┏━━

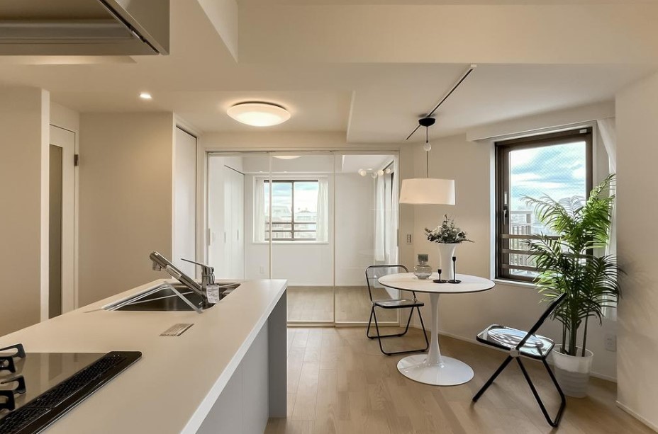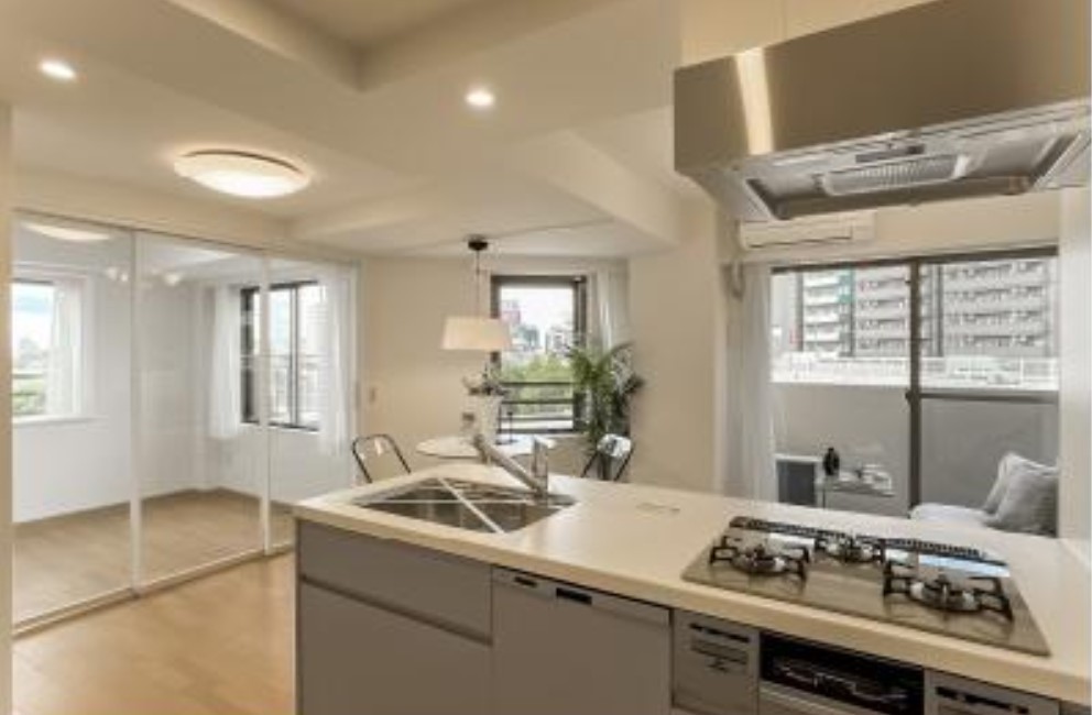 開放的な角部屋住戸、室内リノベーション物件。新耐震基準マンション、長期修繕計画あり、管理体制良好です。
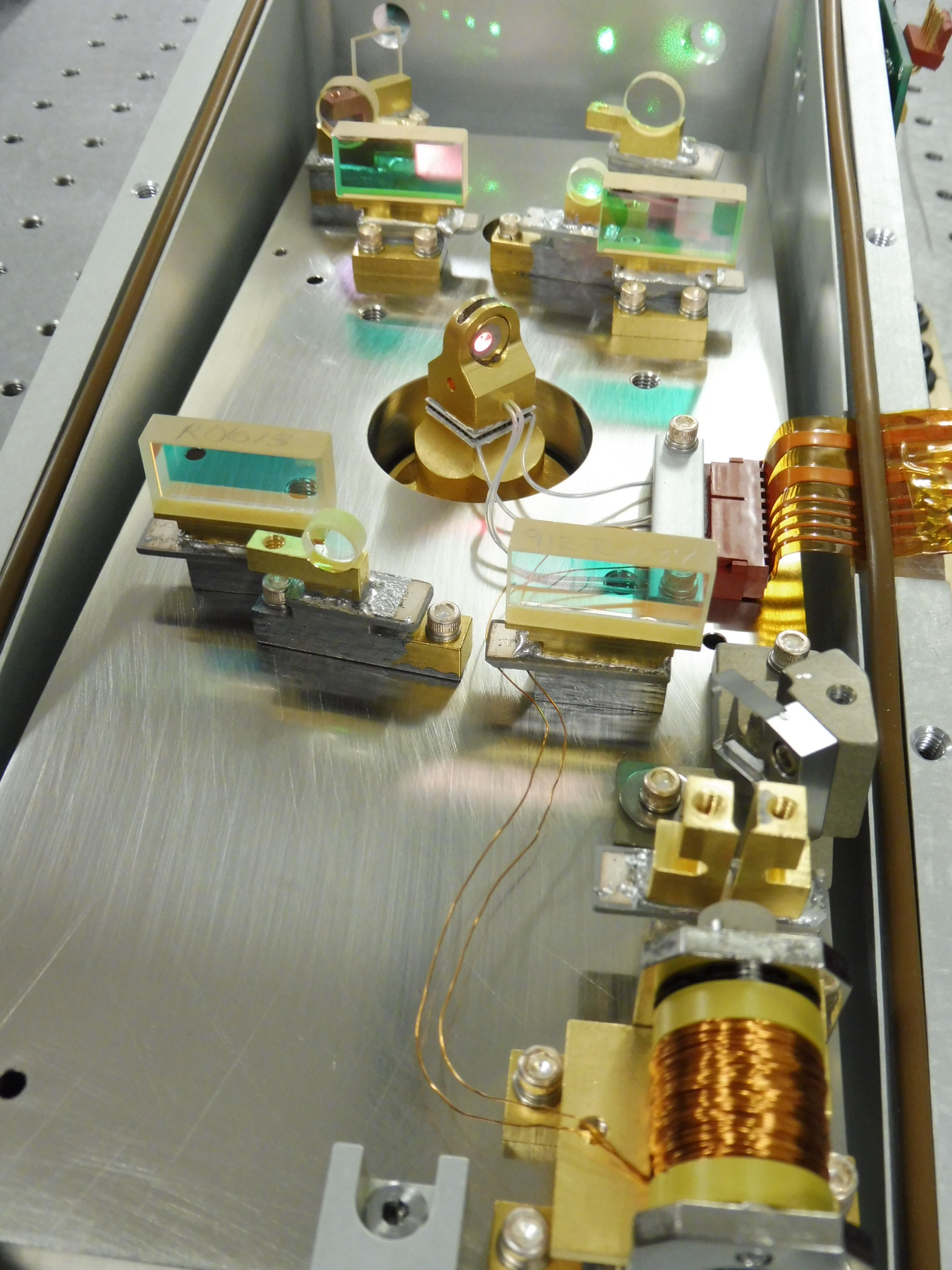 Ce laser femto se compose d’un barreau titane saphir de 7mmde diamètre et 8mm de long avec les extrémités taillées à l’incidence de Brewster. Le pompage ce fait au moyen d’un laser DPSS doublé en fréquence 532nm qui est focalisé dans le barreau Ti:Sa . Le résonnateur se compose de 2 miroirs concaves totalement réflecteur, d’un miroir de sortie fixe ayant un coeficient de transmission de 4% et d’un miroir totalement réflecteur R=99.95%. Ce miroir est monté sur un actuateur électromagnétique permettant de passer du régine continu au régime impulsionelle en fesant bouger le miroir par une impulsion de courant dans la bobine (starter). La synchronisation des modes longitudinaux ( environ 5000) est réalisé dans le cristal Ti:Sa par effet KERR. Le cristal est maintenu à 22°C au moyen d’une cellule de PELTIER (TEC).
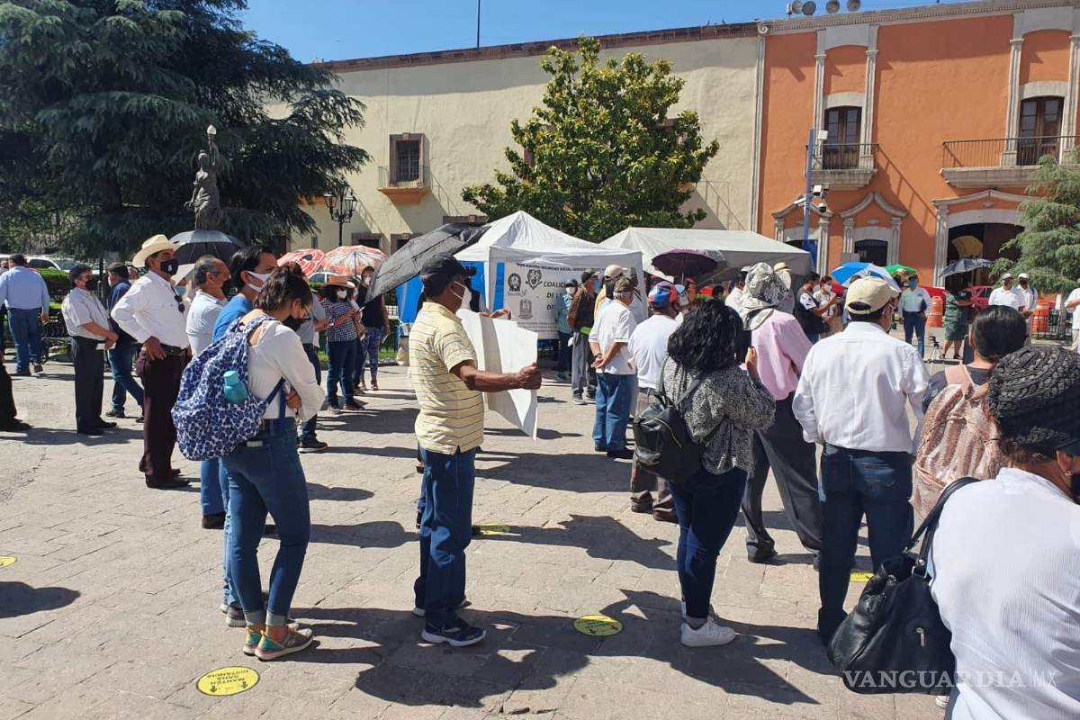 Maestros pensionados montan plantón frente a Palacio de Gobierno de Coahuila

┗━━

__WHAT TO WORK ON__:
The listing should be transcribed exactly. No picture is to appear in the transcription.

__EXERCISE RESULT__:
 開放的な角部屋住戸、室内リノベーション物件。新耐震基準マンション、長期修繕計画あり、管理体制良好です。
 Ce laser femto se compose d’un barreau titane saphir de 7mmde diamètre et 8mm de long avec les extrémités taillées à l’incidence de Brewster. Le pompage ce fait au moyen d’un laser DPSS doublé en fréquence 532nm qui est focalisé dans le barreau Ti:Sa . Le résonnateur se compose de 2 miroirs concaves totalement réflecteur, d’un miroir de sortie fixe ayant un coeficient de transmission de 4% et d’un miroir totalement réflecteur R=99.95%. Ce miroir est monté sur un actuateur électromagnétique permettant de passer du régine continu au régime impulsionelle en fesant bouger le miroir par une impulsion de courant dans la bobine (starter). La synchronisation des modes longitudinaux ( environ 5000) est réalisé dans le cristal Ti:Sa par effet KERR. Le cristal est maintenu à 22°C au moyen d’une cellule de PELTIER (TEC).
 Maestros pensionados montan plantón frente a Palacio de Gobierno de Coahuila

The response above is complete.